══ Extracted data
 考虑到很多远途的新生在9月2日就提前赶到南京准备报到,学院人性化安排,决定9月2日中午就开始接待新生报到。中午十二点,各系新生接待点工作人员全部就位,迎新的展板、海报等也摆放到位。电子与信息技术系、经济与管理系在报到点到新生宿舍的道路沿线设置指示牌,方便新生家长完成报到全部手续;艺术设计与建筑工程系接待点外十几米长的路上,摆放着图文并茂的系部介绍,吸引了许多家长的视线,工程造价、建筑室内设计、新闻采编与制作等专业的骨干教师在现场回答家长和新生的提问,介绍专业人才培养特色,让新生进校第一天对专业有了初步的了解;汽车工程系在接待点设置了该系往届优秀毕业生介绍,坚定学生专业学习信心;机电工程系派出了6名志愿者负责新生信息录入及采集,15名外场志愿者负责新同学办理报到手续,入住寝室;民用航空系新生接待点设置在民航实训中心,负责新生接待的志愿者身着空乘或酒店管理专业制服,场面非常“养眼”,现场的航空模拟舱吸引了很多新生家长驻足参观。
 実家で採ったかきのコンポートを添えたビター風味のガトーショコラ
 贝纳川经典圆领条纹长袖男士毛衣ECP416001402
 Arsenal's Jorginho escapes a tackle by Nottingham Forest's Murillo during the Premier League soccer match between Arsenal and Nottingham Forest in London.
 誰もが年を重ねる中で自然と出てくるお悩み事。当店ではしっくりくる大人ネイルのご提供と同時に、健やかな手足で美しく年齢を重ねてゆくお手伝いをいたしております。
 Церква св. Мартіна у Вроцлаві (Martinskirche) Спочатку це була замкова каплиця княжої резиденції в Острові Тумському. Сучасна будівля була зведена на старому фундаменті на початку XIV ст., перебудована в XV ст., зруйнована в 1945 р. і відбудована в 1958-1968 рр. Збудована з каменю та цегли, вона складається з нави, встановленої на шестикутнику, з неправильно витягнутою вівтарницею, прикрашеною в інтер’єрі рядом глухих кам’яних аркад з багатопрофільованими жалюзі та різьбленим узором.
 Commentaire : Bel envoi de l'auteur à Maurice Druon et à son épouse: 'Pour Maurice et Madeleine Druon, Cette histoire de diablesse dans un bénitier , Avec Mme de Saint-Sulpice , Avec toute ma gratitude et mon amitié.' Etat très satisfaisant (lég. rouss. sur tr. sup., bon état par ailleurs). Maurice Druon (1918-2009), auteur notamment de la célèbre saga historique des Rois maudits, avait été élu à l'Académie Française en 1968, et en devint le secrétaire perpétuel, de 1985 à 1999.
════
> Task to complete:
The required output is the lines from the one holding "Церква св. Мартіна" through the last line of the entries above, copied exactly.

> Result for this task:
 Церква св. Мартіна у Вроцлаві (Martinskirche) Спочатку це була замкова каплиця княжої резиденції в Острові Тумському. Сучасна будівля була зведена на старому фундаменті на початку XIV ст., перебудована в XV ст., зруйнована в 1945 р. і відбудована в 1958-1968 рр. Збудована з каменю та цегли, вона складається з нави, встановленої на шестикутнику, з неправильно витягнутою вівтарницею, прикрашеною в інтер’єрі рядом глухих кам’яних аркад з багатопрофільованими жалюзі та різьбленим узором.
 Commentaire : Bel envoi de l'auteur à Maurice Druon et à son épouse: 'Pour Maurice et Madeleine Druon, Cette histoire de diablesse dans un bénitier , Avec Mme de Saint-Sulpice , Avec toute ma gratitude et mon amitié.' Etat très satisfaisant (lég. rouss. sur tr. sup., bon état par ailleurs). Maurice Druon (1918-2009), auteur notamment de la célèbre saga historique des Rois maudits, avait été élu à l'Académie Française en 1968, et en devint le secrétaire perpétuel, de 1985 à 1999.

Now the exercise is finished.